We all have moments when we just aren’t sure who we are: Am I a kindergartner trapped in an adult’s body? Am I a ballerina trapped in a Development Director’s body? Should I be wandering the wide green hills of County Sligo right now?
But sometimes, we know exactly who we are. It’s the dunderheads around us that can’t get us right.
Such was the situation for one Sullivan Rosenberg.
Sullivan is a cat possessing complete confidence in her identity. She is the essence of catliness at its highest and finest pitch, a love gobbler with an elegant streak three Audrey Hepburns wide. She is grace and goofiness in equal, non-competing measure. She is, in the words of one accurate volunteer, “over-the-top lovable.” She is ladylike.
She is extremely ladylike.
Sadly, Sullivan’s girlish charms were not enough to stop the smush-heads around her from listing her as follows:
Age: 5 years (estimated)
Now, before you question our cat-part-checking prowess, one minor detail. The folks who shuffled Sullivan into our care told us that she was a he. Who were we to question the folks?
Lesson we should have learned from the X-Files: question everything.
Fortunately, Sullivan did not have to suffer our silliness too long.
OK, she did.
Almost three months.
But one history-changing, wrong-righting day, an adopter showed interest in the black cats of Suite B.

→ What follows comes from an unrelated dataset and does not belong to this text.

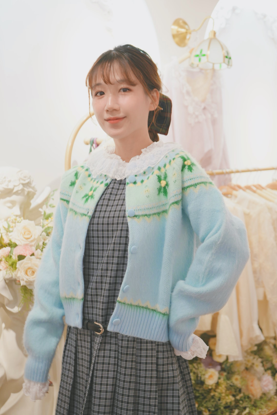 天藍色圖騰針織外套

When you consider the black cats of Suite B, you are considering a collective of epic size. The black cats of Suite B could fill a football stadium. There are more black cats in Suite B than there are people in Europe. The black cats of Suite B are a large enough voting bloc to flip the House and Senate like pancakes. The black cats of Suite B collectively weigh more than all other living creatures on earth.
There are a lot of black cats in Suite B.
And so, when an adopter is interested in one of the black cats of Suite B, we must diligently check all of the black cats of Suite B to be sure of who’s who and who isn’t. A certain staff member, who shall remain anonymous except to note that her name rhymes with Fanielle, was the lucky one to have to check cats’ bits and pieces that day.
What she found would change everything…and unsully our silliness, at least for the moment.
There was one fewer male black cat than expected (Leo + Lucas + …?).
There was one bonus female black cat (CornPop + Katniss + Sushi + … who are you?).
Sullivan was all girl…and suddenly there was egg all over our faces.
As always when it comes to cats, all’s well that ends well, and Sullivan has graciously forgiven us. But, this has left one open debate on the floor of Tabby’s Place: what to do with our ladylike lady’s ambiguous name?
What do you think, kittens?
I will recuse myself here, as I have entirely too much of an opinion on the business of naming cats.
Some have suggested we just stick with Sullivan, since it’s gender-neutral and cute and has been in place for three months.
Some have suggested a sweet, short “Sully.” (Never mind the hero pilot of the same name, very much a man.)
Some, who are brilliant and wise and clearly in the right, have suggested Sullivanne, as in Sullivan + Anne-with-an-E. Any opportunity to hint at Anne of Green Gables is a good opportunity, and we’d be dang fools to pass it up.
But I will not sway the decision with my personal opinion.
Whatever you call her, Sullivan isn’t calling foul on her dunderheaded humans. She’s a bigger soul than that. And we know — no doubt about it — that her big, beautiful, ladylike soul will be sauntering forever homeward soon.